═════ MATERIAL FOR THE TASK ═════

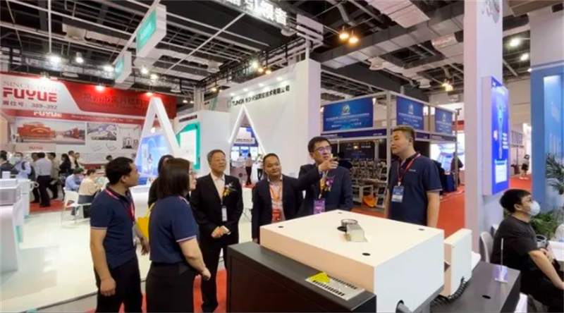 原計(jì)量司副司長(zhǎng)劉新民與中國(guó)計(jì)量協(xié)會(huì)理事長(zhǎng)吳方迪來(lái)創(chuàng)威展位指導(dǎo)參觀(guān)
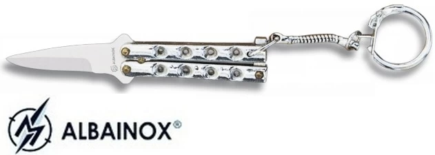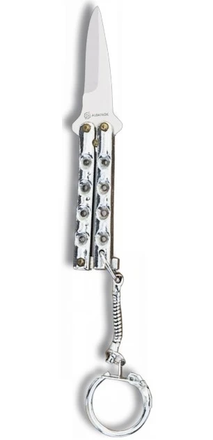 - Balisong porte-clé 8,8cm – Couteau papillon argenté.
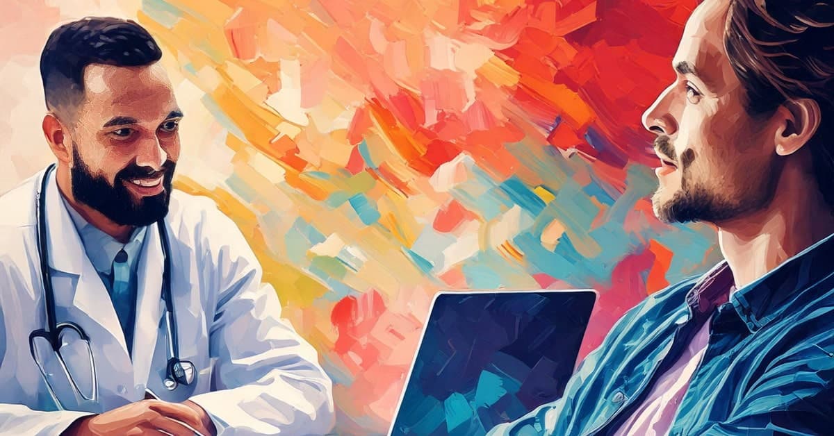 A doctor and patient having a conversation with a colorful abstract background.
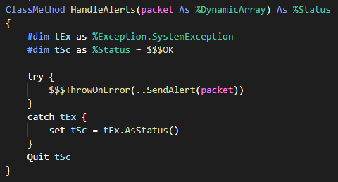 Así que en mi sencillo ejemplo, el administrador de alertas es una clase SAM.AlertHandler con subclases %SAM.AbstractAlertsHandler. La implementación del método HandleAlerts() es sencilla. Mira el código completo:
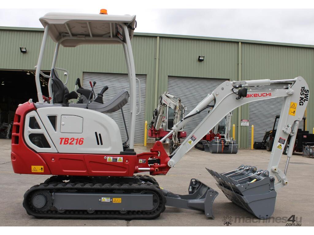 The Takeuchi TB216 Excavator has a wide range of features to make any job easier. Standard equipment includes an improved multi-informational display, two-speed travel, pilot operated joystick controls, a high capacity cooling system, and convenient filter and service access.
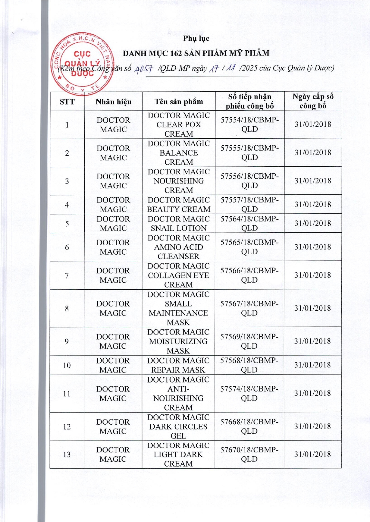 Đối với 162 sản phẩm đã được cấp số tiếp nhận phiếu công bố sản phẩm mỹ phẩm mà Công ty chịu trách nhiệm đưa ra thị trường đề nghị cung cấp đầy đủ báo cáo về hồ sơ thông tin sản phẩm tương ứng. Đề nghị Công ty gửi toàn bộ báo cáo về Cục Quản lý Dược trước ngày 21/11/2025.
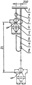- жесткая опора; 2 - сбрасыватель; 3 - соединительное устройство; Рисунок 10 - Схема испытания лямочных поясов типов В,

═════

**EXERCISE INSTRUCTIONS:** Within the listing above, the stretch from the line with "A doctor and" down to the line with "Así que en mi" is to be given again exactly, end lines included and pictures excluded.

**EXERCISE RESPONSE:**
 A doctor and patient having a conversation with a colorful abstract background.
 Así que en mi sencillo ejemplo, el administrador de alertas es una clase SAM.AlertHandler con subclases %SAM.AbstractAlertsHandler. La implementación del método HandleAlerts() es sencilla. Mira el código completo:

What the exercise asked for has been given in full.